Adjusted Rand Index 0.4662530761948069
Adjusted Mutual Information: 0.612678156041812
Silhouette 0.12559126075575974


In [211]:
pca_estimator = KMeans(init='k-means++', n_clusters=n_digits, n_init=10)
pca_estimator.fit(data_pca_8)

KMeans(n_clusters=10)

In [212]:
mutual = metrics.adjusted_mutual_info_score(labels,  pca_estimator.labels_)
siholitte = metrics.silhouette_score(data, pca_estimator.labels_,
                                      metric='euclidean',
                                      sample_size=sample_size)
adj_rand = metrics.adjusted_adj__score(labels, pca_estimator.labels_)
rand = metrics.rand_score(labels, estimator.labels_)

In [213]:
print(f"Rand {rand}", f"Adjusted Rand Index {adj_rand}", f"Adjusted Mutual Information: {mutual}", f"Silhouette {siholitte}", sep='\n')

Adjusted Rand Index 0.5083604674798776
Adjusted Mutual Information: 0.6311530915500716
Silhouette 0.13925349953910762


In [None]:
pca_estimator = KMeans(init='k-means++', n_clusters=n_digits, n_init=10)
pca_estimator.fit(data_pca_5)
mutual = metrics.adjusted_mutual_info_score(labels,  pca_estimator.labels_)
siholitte = metrics.silhouette_score(data, pca_estimator.labels_,
                                      metric='euclidean',
                                      sample_size=sample_size)
adj_rand = metrics.adjusted_rand_score(labels, pca_estimator.labels_)
rand = metrics.rand_score(labels, estimator.labels_)
print(f"Rand {rand}", f"Adjusted Rand Index {adj_rand}", f"Adjusted Mutual Information: {mutual}", f"Silhouette {siholitte}", sep='\n')

## Affinity Propagation

In [214]:
from sklearn.cluster import AffinityPropagation

In [215]:
model_aff = AffinityPropagation()
model_aff.fit(data)

AffinityPropagation()

In [216]:
len(model_aff.cluster_centers_indices_)

132

In [217]:
max(model_aff.labels_)

131

In [218]:
mutual = metrics.adjusted_mutual_info_score(labels,  model_aff.labels_)
siholitte = metrics.silhouette_score(data, model_aff.labels_,
                                      metric='euclidean',
                                      sample_size=sample_size)
adj_rand = metrics.adjusted_rand_score(labels, model_aff.labels_)
rand = metrics.rand_score(labels, estimator.labels_)

In [219]:
print(f"Rand {rand}", f"Adjusted Rand Index {adj_rand}", f"Adjusted Mutual Information: {mutual}", f"Silhouette {siholitte}", sep='\n')
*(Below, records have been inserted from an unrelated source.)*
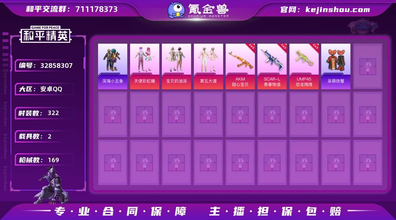 【公主裙子号】新小丑 两姐妹 AKM-甜心宝贝 安卓Q-1红装2载具15粉装16特效枪8热门93套装169枪皮 59528热力值 2印记 历史传奇王牌17星 【1红装】 辉羽雀灵-初翊 (2级) 【2载具】 黑曜夜骑 辉羽雀灵自行车 【15粉装】 狂魅哈莉 女娲灵识 天鹅座冰河 宝贝奶油派 天使彩虹糖 狂魇小丑 雪月幻音 荧海星豚 异瞳寒姬 星穹咏叹调 冷漠罗丽 羊梦糖心 羲和光序 幻彩电音 第五大道 【16特效枪】 M416-灵猫魔法师 (2级) M416-女娲灵识 (3级) AKM-甜心宝贝 (4级) AKS-74U-星穹咏叹调 (3级) Kar98K-巳巳如意 (5级) MG-36-幻彩电音 (2级) MG3-辉羽雀灵 (3级) Vector-绯穹魔姬 (3级) DP-28-豹影疾电 (5级) AUG-暖羊咩咩 (5级) Mk14-甜梦熊击 (5级) GROZA-镜光银凌 (5级) UMP45-恐龙拽拽 (1级) SCAR-L-青春物语 (4级) 破片手榴弹-瓶中星球 (5级) 烟雾弹-甜梦果泡 (4级) 【8热门】 小丑鱼 呆萌铁蟹 深海小丑鱼 暗影哥特 豚鼠丹丹 狂沙舞者 弄潮海豚 M24-奇异狩猎者 【2头盔】 甜心宝贝头盔 深海小丑鱼头盔 【2背包】 甜心宝贝背包 深海小丑鱼背包 营地ID:979601183 PX_2363961
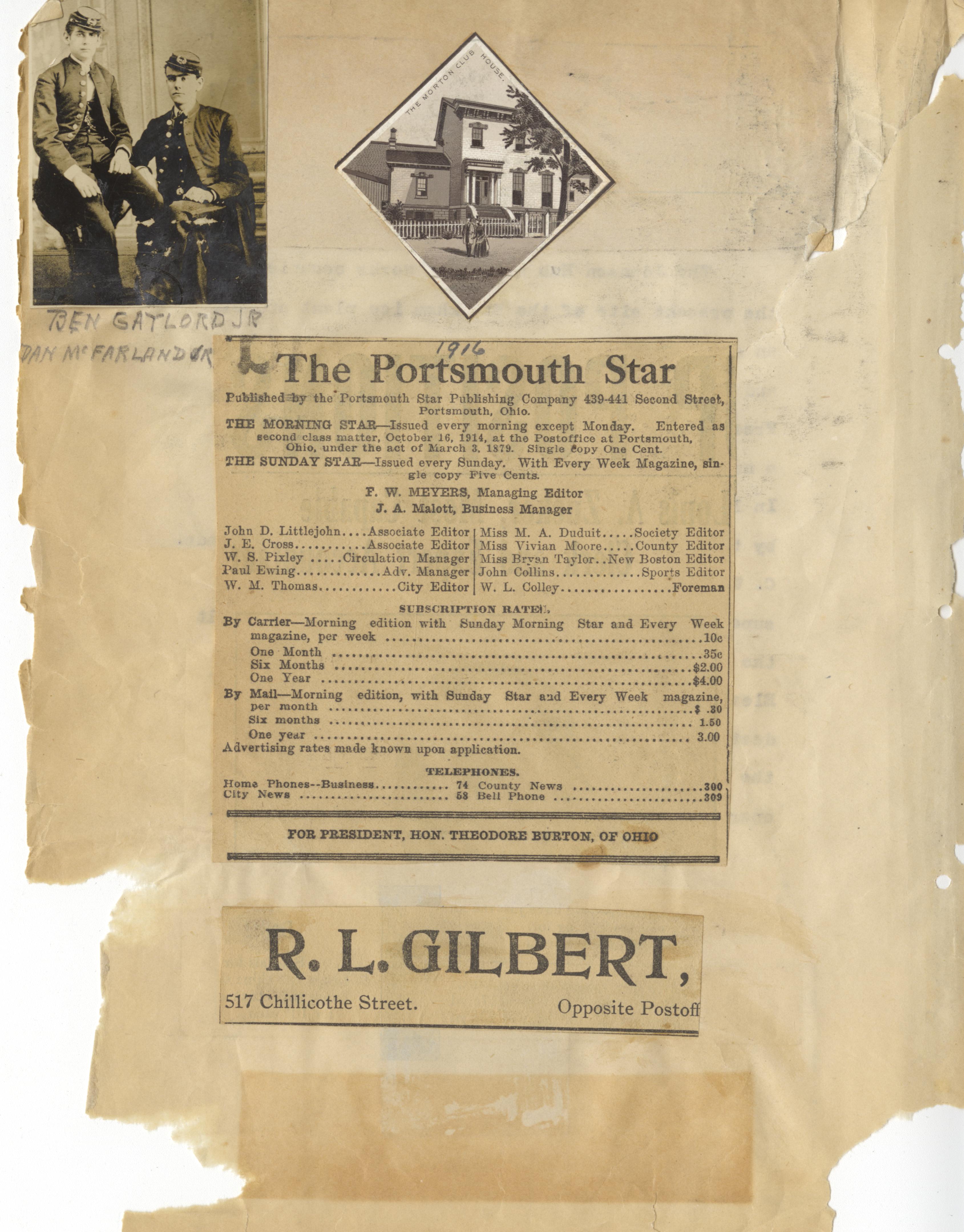 Newspaper clippings for the Portsmouth Star (1916) located on Second Street and R. L. Gilbert at 517 Chillicothe Street - Creator
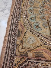 Sequin PEACOCKS Burmese KALAGA Hand-Embroidery Tapestry Wall Hanging 35 x 26 In

Adjusted Rand Index 0.1543890171236833
Adjusted Mutual Information: 0.5728829386106491
Silhouette 0.059802242874669294


In [220]:
aff_pca_estimator = AffinityPropagation()
aff_pca_estimator.fit(data_pca_8)

AffinityPropagation()

In [221]:
len(aff_pca_estimator.cluster_centers_indices_)

75

In [222]:
mutual = metrics.adjusted_mutual_info_score(labels,  aff_pca_estimator.labels_)
siholitte = metrics.silhouette_score(data, aff_pca_estimator.labels_,
                                      metric='euclidean',
                                      sample_size=sample_size)
adj_rand = metrics.adjusted_rand_score(labels, aff_pca_estimator.labels_)
rand = metrics.rand_score(labels, estimator.labels_)

In [223]:
print(f"Rand {rand}", f"Adjusted Rand Index {adj_rand}", f"Adjusted Mutual Information: {mutual}", f"Silhouette {siholitte}", sep='\n')

Adjusted Rand Index 0.2145950107593524
Adjusted Mutual Information: 0.5835018417710425
Silhouette 0.03413962164031616


In [None]:
aff_pca_estimator = AffinityPropagation()
aff_pca_estimator.fit(data_pca_5)
mutual = metrics.adjusted_mutual_info_score(labels,  aff_pca_estimator.labels_)
siholitte = metrics.silhouette_score(data, aff_pca_estimator.labels_,
                                      metric='euclidean',
                                      sample_size=sample_size)
adj_rand = metrics.adjusted_rand_score(labels, aff_pca_estimator.labels_)
rand = metrics.rand_score(labels, estimator.labels_)
print(f"Rand {rand}", f"Adjusted Rand Index {adj_rand}", f"Adjusted Mutual Information: {mutual}", f"Silhouette {siholitte}", sep='\n')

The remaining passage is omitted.